EAVESDROPPING ON THE UNDERTONES

The similitude of undertones, reverberating from the plot of themes inherent in the panache of writings in this anthology, blatantly bares the African cadaver. More drab and pathetic images of the African continent are what the anthology has succeeded in excavating. A vigilant voyage through the deftness in the stack, one discovers the delineation of Africa as an old hand at dark and awful ventures. Carnivorous cultures, incest, fanatical penury, milieus hostile to pursuance of bliss, etc; all of these, form the frame on which the African picture is moulded. It is left to the reader to decipher which depiction is unblemished or mendacious.

In deciphering Hitting Budapest, one sees a picture of moral decadence plastering the visage of African children whipped by poverty. Thieving is what I mean. Fictionalizing IMF, AU, and SADC as streets; and narrating that, that is where the children have got to steal guavas from; I am tempted to pronounce that there, the mannerism of Africans who seek to migrate in pursuance of greener pastures is captured. Yet, it becomes worse as these children choose to hit these streets to steal and slake their unkillable thirst for guavas. Guavas as used in the story, suggests greenery or satisfaction. While, IMF [International Monetary Fund], AU [African Union], and SADC [Southern African Development Commission] unambiguously imply the seductive establishments Africans especially the pseudo-leaders flee to, to do the thieving and embezzlements. This fictional depiction, in a way, is a sheer mockery of the covetous and materialistic temperaments displayed by some people not only in African but the entire world.

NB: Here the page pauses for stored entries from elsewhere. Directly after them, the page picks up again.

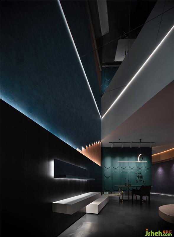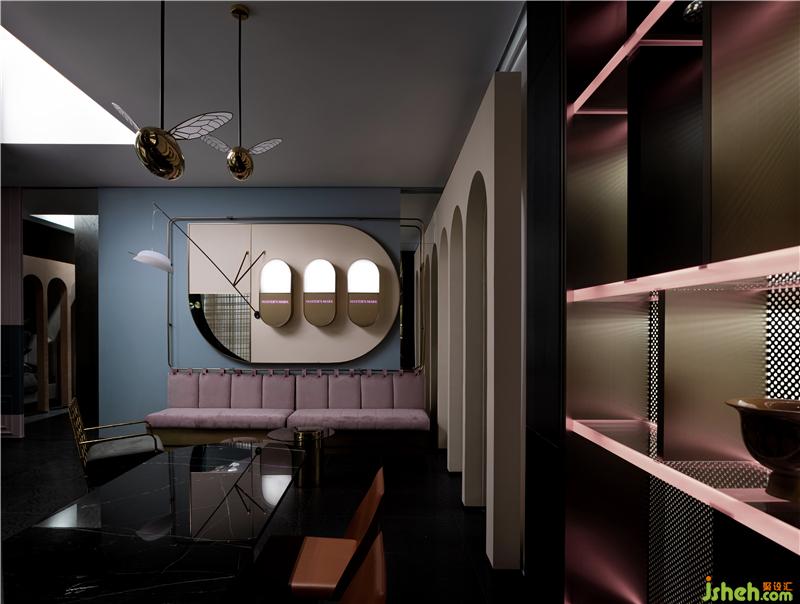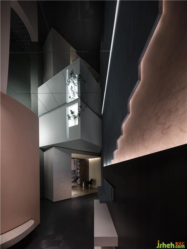 有计划的将空间转折的入口尺度缩小,提示你进入不同情绪与味道的世界,小的口会让你对后面的事情产生兴趣与想象力,光是表现空间情绪的重要介质,光影互相依存,空间中大面积大拉膜,强调光线的柔美均衡,一方面更好的服务于空间中产品的照明,在情感上弱化了影的存在,营造一种戏剧化的安静,局部强化光影,表现材料质感的同时感受空间的躁动,一种压抑着的力量准备爆发。这一次把空间简单的变成美学问题,做一些触动神经的事情。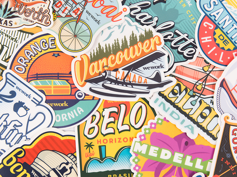 WeWork believes in having fun and reppin' local flavors with their city sticker designs. Never wanting to be tied down in tradition, our design team explored the history and culture of each new locale to create unique badges that authentically reflected their entrepreneurial and quirky spirit. By celebrating each city, the stickers built a sense of pride and unity at a new location while positioning WeWork as a global brand with a local focus. In close collaboration with regional marketing teams, I designed many of the city stickers still used today.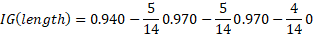 · Information gain for the “Length” attribute is equal to:

Also in Child of a Hyena; No Blood, No Slaves; Twinkle, Twinkle, Little Pastor; Afritude; The Menagerie of the Accused; are buried multiple undercurrents of pique towards anomalous trends. And this core spirit inbuilt in the collection has succeeded in fortifying the anthology.

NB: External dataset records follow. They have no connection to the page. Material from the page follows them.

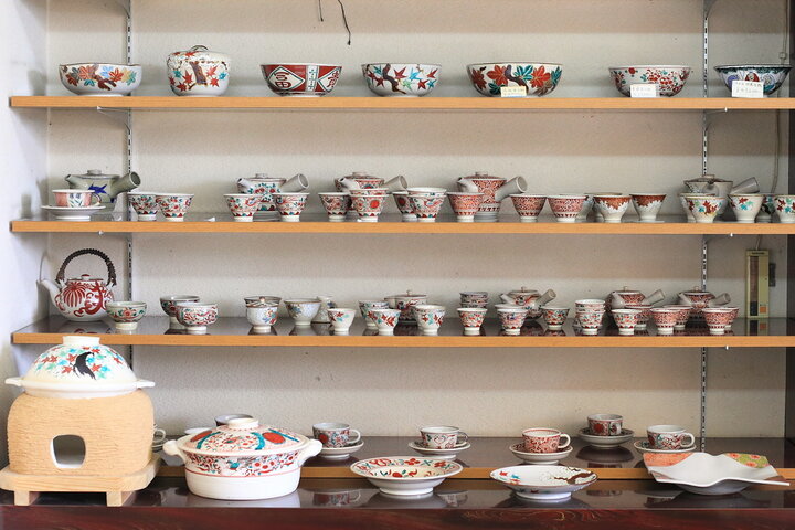 店内にはさまざまな犬山焼が展示されていますが、犬山焼の一番の特徴は鮮やかな赤絵。鳥や植物を文様のように描いた絵付の美しさで知られています。なかでも「雲錦手(うんきんで)」と呼ばれる桜と紅葉を一緒に描いた絵付は、季節問わず使えるようにと考えられたもので、これにより犬山焼が多くの人に親しまれる器になったのだそう。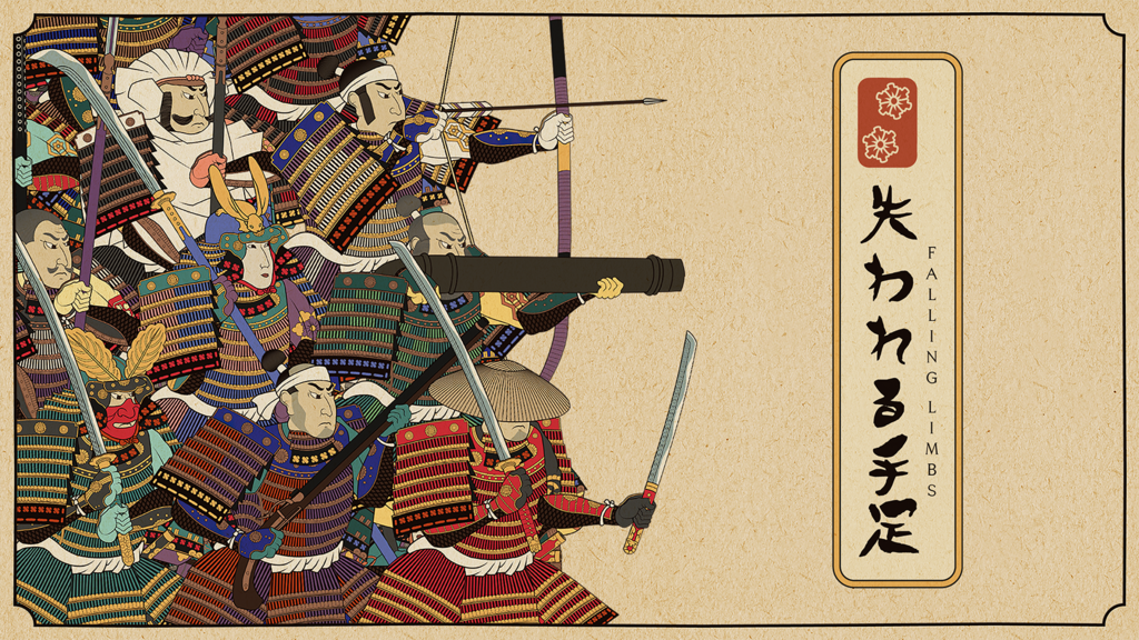 Fight with a range of weapons from the age of the samurai and of the legends of its heroes. Falling Limbs (失われる手足) has something for every school of training, from katanas, spears and clubs to bows, matchlocks and even a devastating cannon.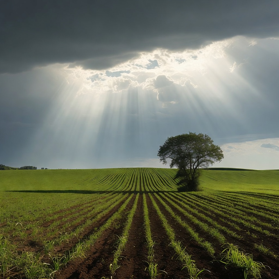 Dramatic dark storm clouds part to reveal bright sun rays beaming down on a vibrant green plowed field. A lone tree stands in the center of the cultivated farmland with neat rows of young crops. The scene features a mix of shadowy clouds and golden sunlight highlighting the landscape.

As noisy as the undertones sound, over-crowding the intrigues in the spellbinding stories, one is tempted to interrogate or prosecute the perceptions affixed to Africa as a continent as well as the position of the literary enterprise. Shouldn't a segment of literature be given to the task of mirroring the ills of a society and as such mending the hostile and common perception about that society? Then; why the merciless crucification of Africa, as flaunted in To See the Mountain and not any single attempt to inject optimism or hope for a healthier Africa? While devotion to utopian writing would not defile literature, I think African writers can detach a large flesh of dystopian writing so as to set in motion a process of painting other friendly and lovely sections of the African continent, without blinding their eyes to a dysfunctional society.

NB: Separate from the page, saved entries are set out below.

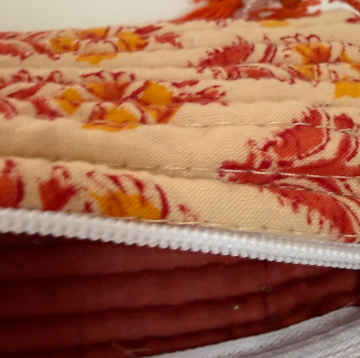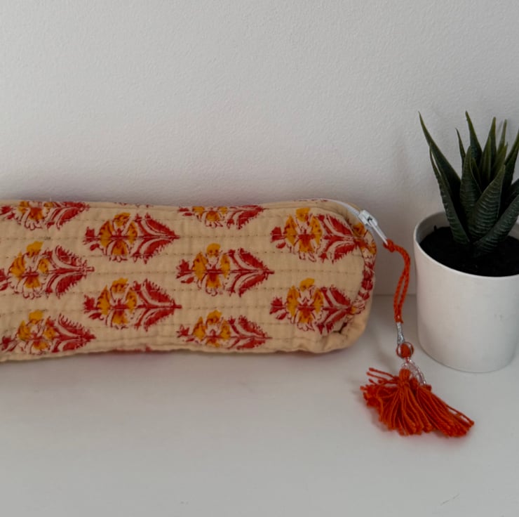 Handmade quilted cotton pencil case or sleek makeup bag with a vibrant floral print.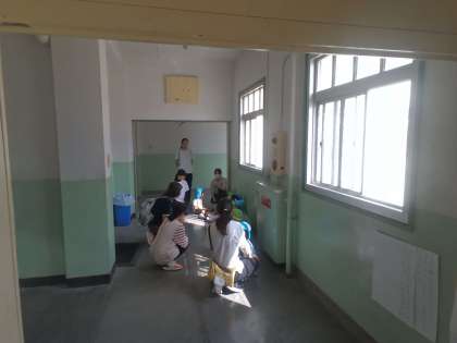 近くで1年生が授業中でしたが、先生方の注意をよく聞いて、静かに訓練に取り組んでいました。
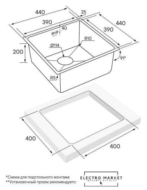 врезная на столешницу/врезная под столешницу, нержавеющая сталь, фактура: матовая, размеры: 49x44 см, глубина чаши: 18 см, в шкаф шириной от 60 см

Aside from the denominating of Africa as a deadly shore where the brightest of suns rain darkness, a reader is entertained with the breezy and glittery sharpness surrounding the collection. As a victory, To See the Mountain and other stories has unarguably demonstrated the diversification of literary skills, cultures, artistic acuities, etc; though the conformation, by the un-premeditated submissions of the writers to stereotypingis demeaning to the continent's sanguinity. Nonetheless, we await the flames and dishes from the Caine Prize 2012 shortlist plus the 2012 anthology, to heat up more polemics and sate the diverse bubbling thirsts of the literati respectively.

***
DAVID ISHAYA OSU was born on 27th October 1991; and he hails from Nasarawa State, Nigeria. He writes poetry regularly, some of which have appeared in several National Dailies, and e-journals. He won an Honourable Mention for a National Poetry competition in honour of Prof Remi Raji at 50. Aside poetry, he dabbles into short story writing; and he is as well, a Broadcast and Journalism Enthusiast. David is currently a student of Department of Urban and Regional Planning, Federal University of Technology Minna, Niger State.